Perdagangan intra-OKI juga mengalami peningkatan signifikan, didukung oleh investasi dan kebijakan strategis untuk mengembangkan manufaktur regional dan ketahanan pertanian. Negara-negara seperti Arab Saudi, UEA, Indonesia, dan Turki menjadi motor penggerak perdagangan dan investasi halal intra-regional.
Laporan SGIE juga menyoroti pergeseran kekuatan ekonomi global, dengan kebangkitan BRICS dan de-globalisasi yang mendorong negara-negara OKI untuk lebih mandiri secara ekonomi. Indonesia, dengan ambisinya menjadi ekonomi terbesar keempat di dunia pada tahun 2045, menjadi contoh bagaimana negara-negara berkembang berupaya mendorong aktivitas ekonomi regional yang independen.
Konsumen global semakin menghargai keaslian dan tanggung jawab etis, sehingga merek-merek lokal dan regional yang autentik semakin populer. Contohnya, The Fix Chocolatier dari Dubai berhasil meraih perhatian global karena keselarasan dengan identitas budaya dan etika.
Sentimen negatif terhadap merek-merek global yang dianggap tidak selaras dengan nilai-nilai etika dan regional juga meningkat, terutama terkait konflik di Gaza. Hal ini memicu boikot dan pergeseran ke alternatif lokal dan regional, seperti ZUS Coffe dari Malaysia dan Wardah dari Indonesia.

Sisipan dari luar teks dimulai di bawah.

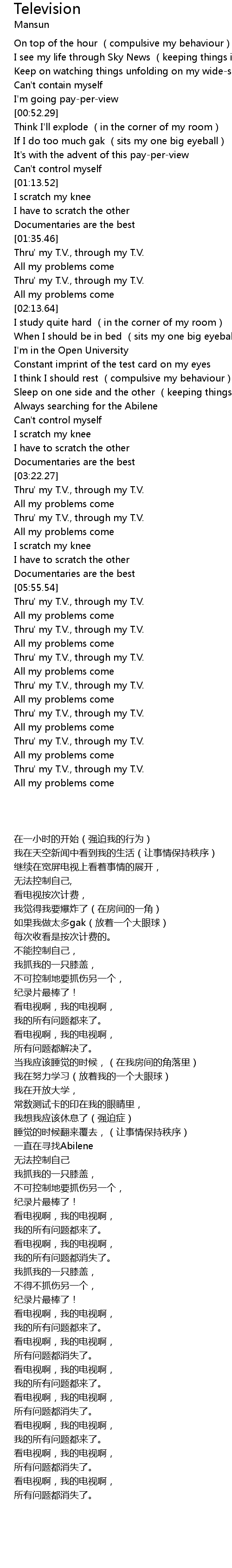 | [06:51.18] | Thru' my T.V., through my T.V. |

"Ada sentimen negatif yang sangat besar terhadap merek lokal yang dianggap mendukung pendudukan dan genosida. Ada sentimen positif terhadap merek lokal yang sejalan dengan etika kami," kata Reem. Data Ekonesia Ekonomi – mencatat, fenomena ini menunjukkan bahwa aktivisme konsumen etis semakin mempengaruhi perilaku pembelian di pasar halal global.